South African President Cyril Ramaphosa hailed a "new dawn" for the country Friday and promised to fight corruption following the resignation of his predecessor, Jacob Zuma, who was plagued by corruption scandals.
In his first State of the Nation address to parliament, Ramaphosa struck a note of optimism and outlined a vision to revive the country's economy.
“We should put all the negativity that has dogged our country behind us because a new dawn is upon us and a wonderful dawn has arrived,” Ramaphosa said.

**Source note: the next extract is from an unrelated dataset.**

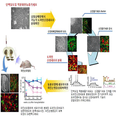 “이런 문제점 때문에 저희 실험실에서는 줄기세포를 분리. 배양을 통해 다량의 줄기세포를 확보하고 도파민신경세포로 효율적으로 분화케 하여 여러 파킨슨환자에게 이식할 수 있을 만큼 많은 도파민신경세포를 획득하는 연구를 해왔습니다. 그리고 배양된 줄기세포를 파킨슨병 모델 동물에 이식하여 그 치료효과도 보았지만, 줄기세포 이식치료에서 궁극적으로 부딪히는 문제는 동물이나 다른 사람의 세포보다는 환자 자신에게서 유래된 세포를 사용해야 한다는 것이었습니다, 이와 같이 환자 자신에게서 유래된 줄기세포로 세포 이식하는 치료를 환자 맞춤형 세포 치료라고 하지요. 아마 황우석 박사님 사건을 통해 환자맞춤형 줄기세포에 대해서는 많이 친숙하실 거라 생각합니다. 결국 황우석 박사님의 환자맞춤형 줄기세포는 가짜로 판명되었고 2007년에 일본그룹에 의해 조직세포에 4개의 역분화 유도 인자를 바이러스를 이용해 도입하여 만든 역분화유도만능줄기세포(iPS cells)가 탄생되게 되었습니다. 즉 파킨슨 환자의 피부 등 조직 세포로 역분화만능줄기세포를 만들고 이를 도파민신경세포로 분화시켜 환자 뇌에 이식하는 것이 환자맞춤형 세포이식 치료에요. 저희가 이번 연구를 통해 이와 같은 역분화만능줄기세포를 이용하는 환자맞춤형 세포 이식치료가 가능하다는 것을 파킨슨병 동물 모델을 이용해 실험적으로 증명해 보여준 거지요.”

He was sworn into office on Thursday, a day after Zuma was forced to resign after his ruling African National Congress finally turned against his turbulent presidency.
'Very unfair' treatment
Zuma resigned reluctantly after his party threatened to oust him via a no-confidence vote in parliament. He complained that he had received “very unfair” treatment from the party.
Ramaphosa pledged “certainty and consistency” in his policy positions, a contrast to Zuma, who was frequently criticized for unpredictable changes in policy and cabinet members.
“This is the year in which we will turn the tide on corruption in our public institutions,” Ramaphosa said. “The criminal justice institutions have been taking initiatives that will enable us to deal effectively with corruption.”
He also said that “tough decisions have to be made to close our fiscal gap, stabilize our debt and restore our state-owned enterprises to health,” and that he would especially focus on the country’s high youth unemployment.
Rise in value of rand
The South African currency, the rand, has strengthened against the dollar since Ramaphosa was sworn in. The country faces many economic challenges, including unemployment of over 25 percent and slow growth.
The liberal Democratic Alliance applauded Ramaphosa’s business-friendly policies, but criticized the speech as the same old message his party has been offering for decades.
“We could have gotten more bolder action today, but I heard more of the same stuff,” said Mmusi Maimane, head of the Democratic Alliance.
Ramaphosa, 65, was a lead negotiator in the transition from apartheid to democracy and then became a multimillionaire businessman before returning to politics.